Elias Holzknecht: Das Spezifische des Alltags
von Christina Töpfer
»Bilder der Auseinandersetzung« 2|25

Durch Zufall stieß Elias Holzknecht in einem historischen Baedeker-Reiseführer über Österreich-Ungarn auf die Gemeinde Micheldorf in Oberösterreich. Holzknecht, der im Ötztal aufgewachsen ist und zu jener Zeit im belgischen Gent Fotografie studierte, setzte sich schon länger mit der Frage auseinander, auf welche Weise jene Regionen und Gesellschaften, in denen wir sozialisiert sind, identitätsstiftend wirken. Sein Interesse an Micheldorf wurde bestärkt, als er feststellte, dass es noch drei weitere gleichnamige Orte in Österreich gibt.

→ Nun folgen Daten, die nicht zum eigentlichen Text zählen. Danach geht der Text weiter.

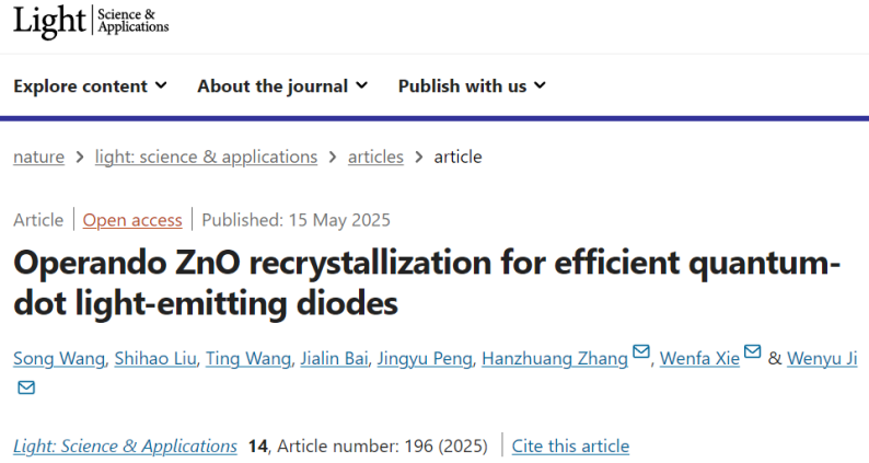 谢文法教授和刘士浩副教授等人,系统研究了老化过程中酸及金属对ZnO NPs薄膜形貌及光电特性的影响,通过系列原位表征,揭示了基于ZnO纳米粒子薄膜的杂化QLED器件正老化效应的机制。研究发现,酸的作用是诱导了ZnO NP的原位重结晶过程。具体来说,在酸的作用下,ZnO NP发生原位融合(再结晶),此种融合是沿着氧化锌晶体c轴方向,最终形成长程的ZnO晶体,并且粒子的缺陷得到一定程度的钝化。活性金属离子(如Al和Ag离子)从阴极到ZnO中的扩散对ZnO的再结晶起到促进作用,同时进一步钝化了ZnO粒子中的缺陷。最终,重结晶后的ZnO NP薄膜的载流子浓度得到了降低,而电子迁移率得到了极大提高。高的电子迁移率保证了高效的电子注入,而低的载流子浓度抑制了载流子对量子点中激子的猝灭作用。此外,ZnO的陷阱态被钝化,也显著抑制了其对激子的猝灭作用。最终,基于ZnO NP的红色QLED的外量子效率(EQE)从17.2%提升至33.7%。这一结果为QLED电子传输层的优化设计提供了指导。相关结果发表在Light: Science & Applications 期刊上。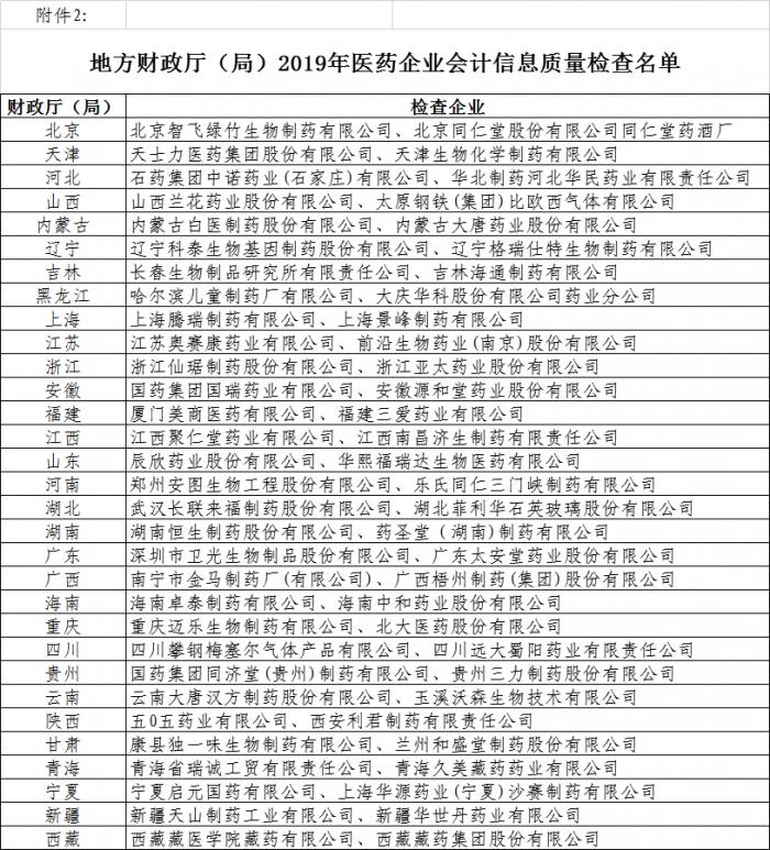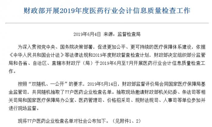 财政部:开展2019年度医药行业会计信息质量检查工作

Während seiner Besuche, die Holzknecht den verschiedenen Micheldorfs ab 2021 über eineinhalb Jahre hinweg abstattete, war es nicht sein Anliegen, deren Sehenswürdigkeiten und zentrale Plätze in den Blick zu nehmen. Es ging ihm vielmehr darum, den Alltag der Bewohner:innen, die von ihnen geformten und frequentierten Orte sowie die Menschen selbst zu porträtieren. Der topografische Ansatz der Landschaftsfotografie und Porträtaufnahmen stehen dabei gleichberechtigt nebeneinander, wobei sich Schwarz-Weiß- und Farbaufnahmen abwechseln.
Das Projekt Micheldorf Micheldorf Micheldorf Micheldorf, das im Herbst 2024 auch als dreibändige Publikation beim niederländischen Verlag The Eriskay Connection erschienen ist, bringt die Linearität klassischer Narration und damit verbundene vermeintliche Kausalitäten in Bewegung. Weder im Ausstellungskontext noch in den Büchern, in die auch verschiedene, nicht weiter ausgewiesene Zitate von Bewohner:innen und aus literarischen Texten eingestreut sind, lässt sich herauslesen, in welchem der vier Micheldorfs die Fotografien entstanden. Mit seinem behutsamen Blick auf österreichische (Kultur-)Landschaften erkennt Elias Holzknecht das Unvermögen der Fotografie an, etwas »repräsentativ« dokumentieren zu wollen. Stattdessen eröffnet er einen Raum, in dem sich die Komplexität und Vielschichtigkeit des vermeintlich Leicht-zu-Fassenden vermittelt und der typologischen Ansätzen das Spezifische des Alltags entgegenstellt.